I am really looking hard at emigrating to Canada from Ireland. Had my own construction/haulage business for 8 years but with the recession - my business is non existant. Because i'm self employed I'm not entitled to any help here and jobs are not out there - i have looked and applied. I am a site manager but dont have any qualifications only experience. I have sent my CV to a number of construction companies in Canada but it seems impossible to get any kind of job as I'm not resident there. As a site manager it is listed on Canada's list of skilled workers but my points are too low because I dont have a job offer, if i did my points would be high enough. 

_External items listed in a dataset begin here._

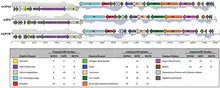 The double stranded DNA genome is linear, around 40-42kb in length,[2] and encodes ~55 genes. The guanine + cytosine content is ~50%. It has terminally redundant sequences and is nonpermuted. By weight, the genome constitutes ~50% of the viron. The genome encodes 9 structural proteins, an adenylated transferase B type DNA polymerase and an RNA polymerase. Three internal proteins constitute the polymerase complex. Two classes of genes are recognized (early and late). This classification is based on the timing of transcription that is temporally regulated. Genes with related functions are clustered together. Genome replication is bidirectional.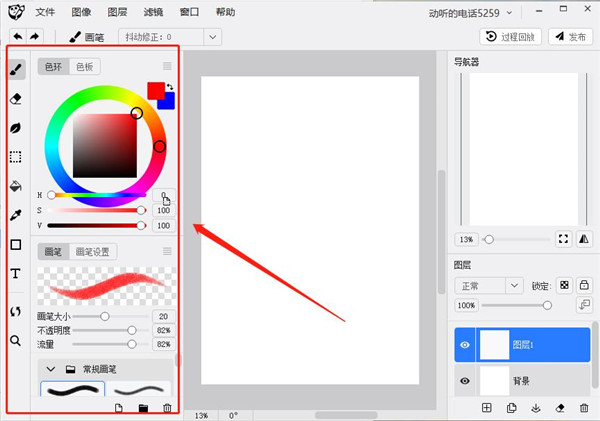 9、选中所需绘制工具后,在中间空白画布区域即可开始绘制图像,根据创作需求调整笔触与颜色。
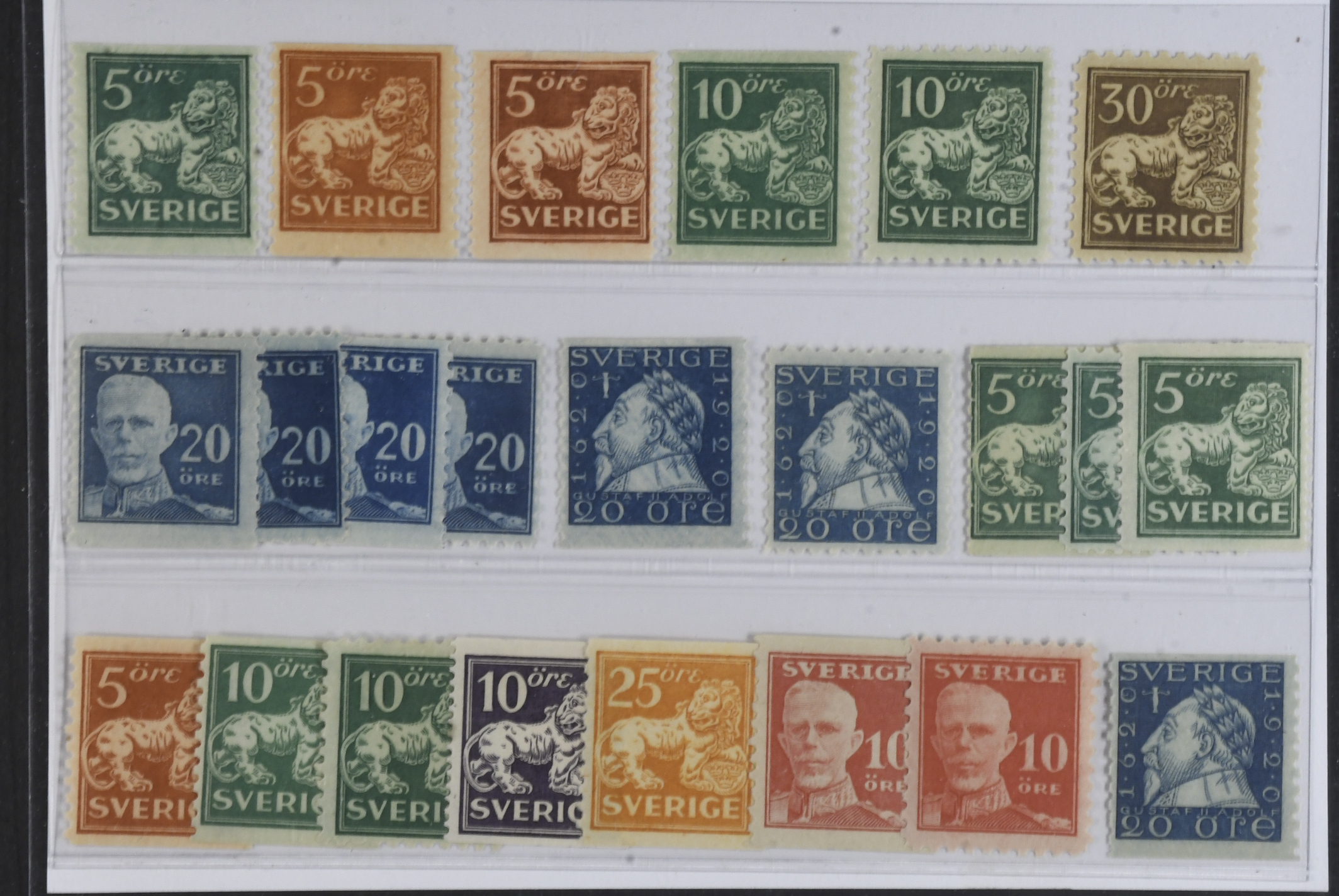 Sweden. ★ 1920–1934. All different, e.g. F 140Acx, 141, 142Ecc, 144Abz+Ccx, 148C, 151A+C, 151Abz+Cbz, 152Acx+Abz. Mostly good quality. F SEK 6035 (23)
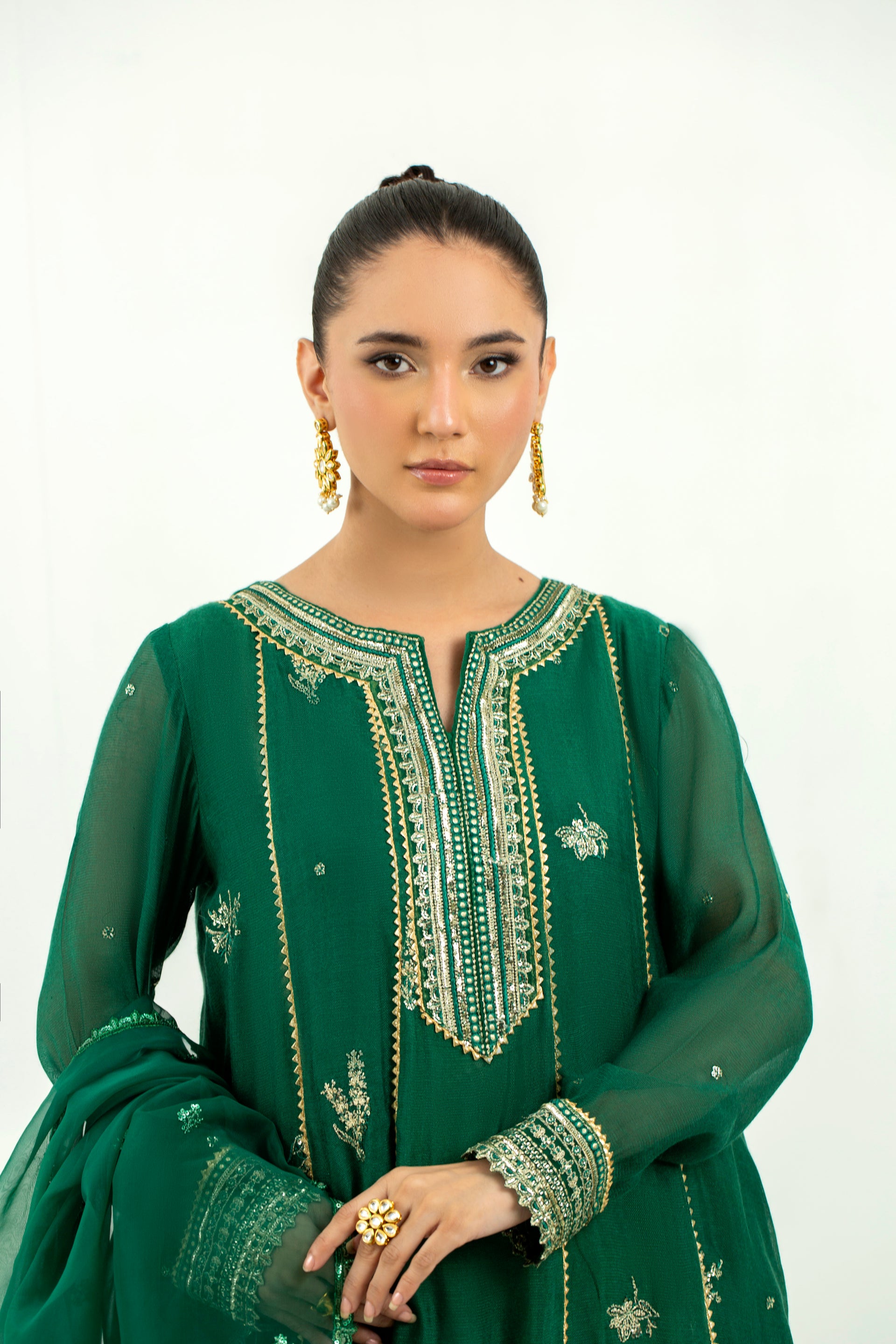 Elevate your festive style with our bottle green dress. This stunning pishwas, crafted from yarn-dyed cotton net and grip, is generously embellished with golden embroidery and enhanced with intricate lace detailing. The ensemble is completed with a soft organza dupatta, featuring a minimal embroidered spray and four-sided lace, creating a refined and graceful outfit.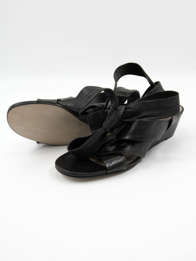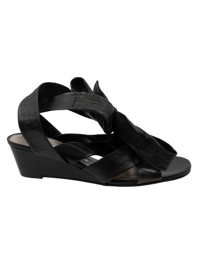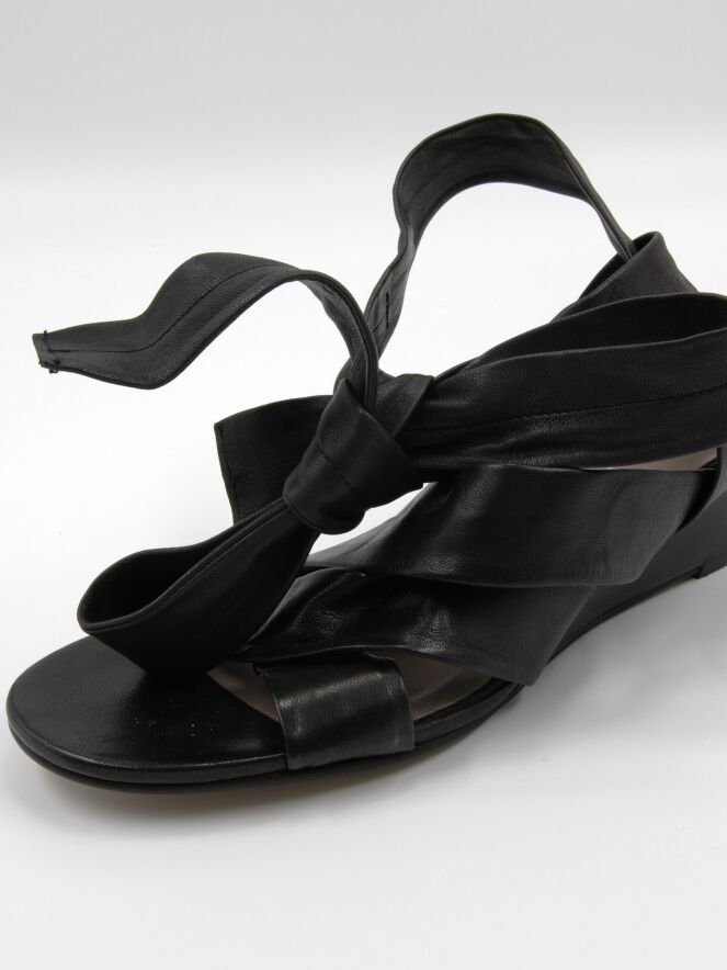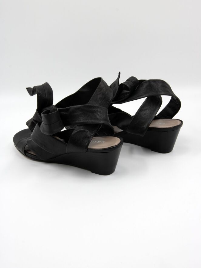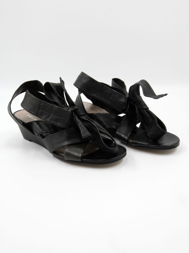 Eine Keilsandale von Bruno Premi in Schwarz. Das Leder ist über dem Vorderfuß gekreuzt. Zwei lange Lederbänder verlaufen von den Seiten des Keilabsatzes und können um den Knöchel gewickelt werden.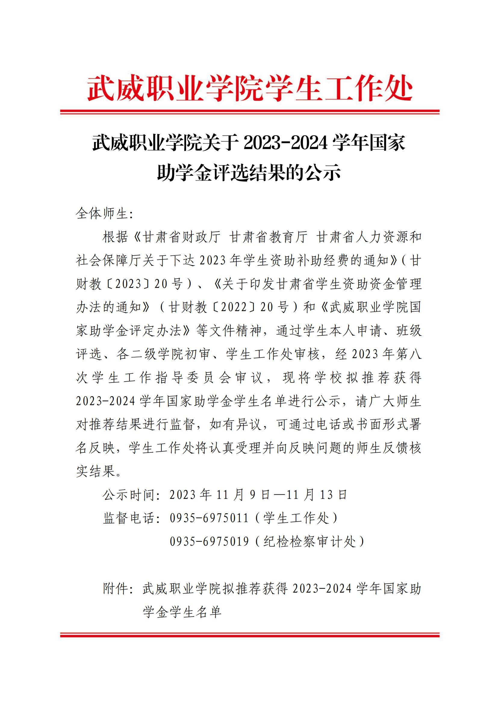 武威職業(yè)學(xué)院關(guān)于2023-2024學(xué)年國(guó)家助學(xué)金評(píng)選結(jié)果的公示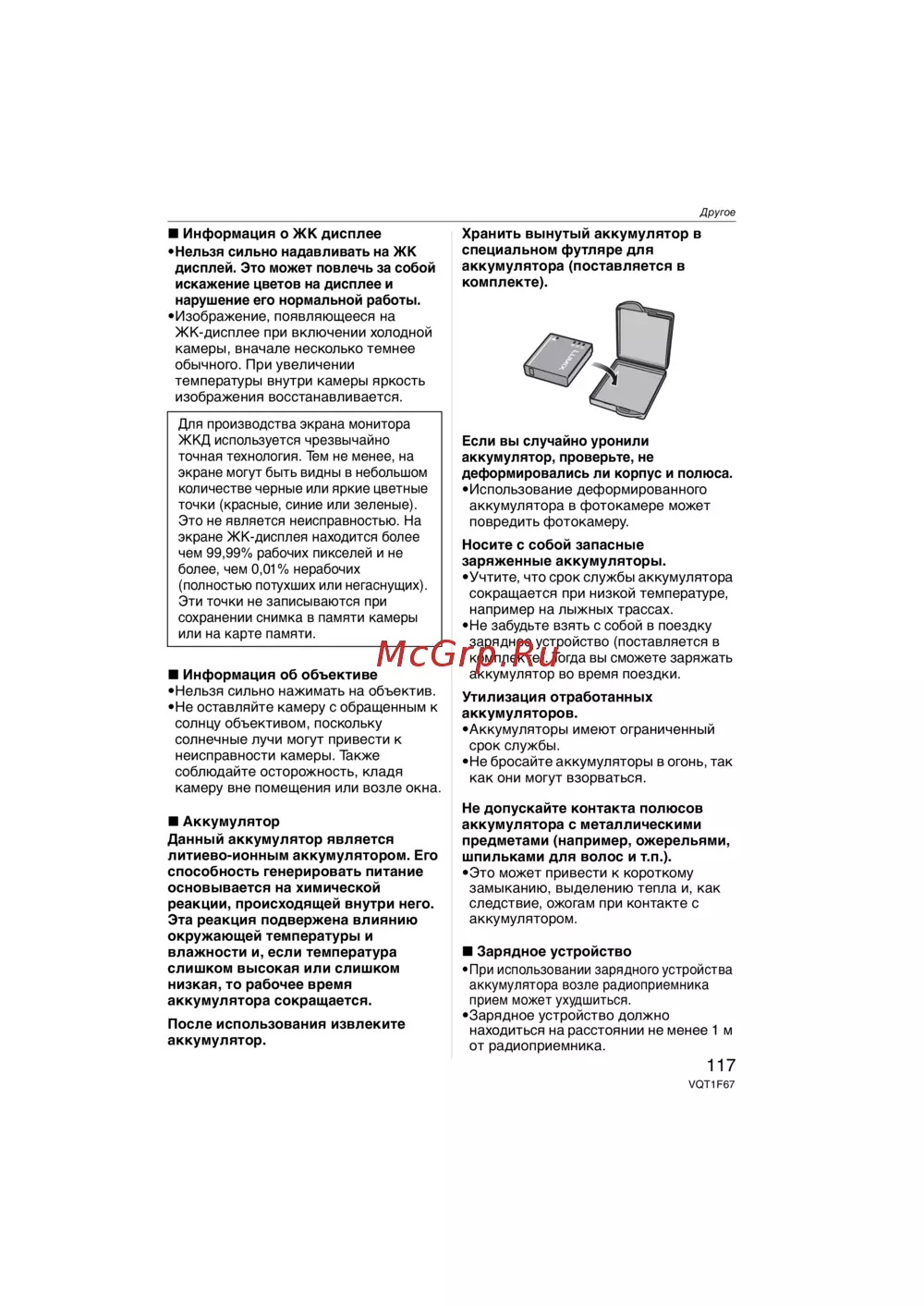 Panasonic DMC-FX100EES — рекомендации по уходу за ЖК-дисплеем и аккумулятором камеры [117/167]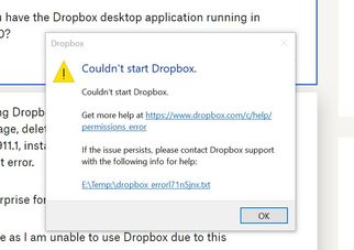 I had already tried Advance Reinstall option wout any luck. Infact, post Adv Reinstall, I was getting a different error popup with the link to logs to share with Dropbox support. Logs are as above. Now Dropbox doesn't start only as per screen shot below. There is some bug in your app which you need to fix. Till then disable the Windows 7 etc support popup.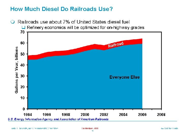 Context * Railroad’s use a small fraction of diesel fuel production » In general, they will use what everyone else is using » It is what is in the pipeline * Same story for marine?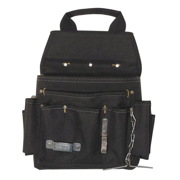 If you are looking for a tool pouch that can hold all your tools, this Westward 13T128 is the one to get. It has 12 pockets and fits belts up to 2-3/4". The black polyester tool pouch is double layered and light weight. It also has a carry handle and heavy duty snap closure. There is an electrical tape strap on the top of the pouch for securing items like electrical tape or wire cutters. This pocketed belt features open top closure and can fit any belt up to 2 3/4" wide. With its large number of pockets, this Westward 13T128 Tool Pouch will allow you to keep all your tools in one place.

Has anyone any advice or help, or do you know any construction companies that will hire foreign workers. If I did get a job offer I would go out myself first, my family would then hope to come out next year as my wife is completing her computer systems degree.


----------



## jen45 (Jan 17, 2010)

hoppy said:


> Hi all,
> 
> I am really looking hard at emigrating to Canada from Ireland. Had my own construction/haulage business for 8 years but with the recession - my business is non existant. Because i'm self employed I'm not entitled to any help here and jobs are not out there - i have looked and applied. I am a site manager but dont have any qualifications only experience. I have sent my CV to a number of construction companies in Canada but it seems impossible to get any kind of job as I'm not resident there. As a site manager it is listed on Canada's list of skilled workers but my points are too low because I dont have a job offer, if i did my points would be high enough.
> 
> Has anyone any advice or help, or do you know any construction companies that will hire foreign workers. If I did get a job offer I would go out myself first, my family would then hope to come out next year as my wife is completing her computer systems degree.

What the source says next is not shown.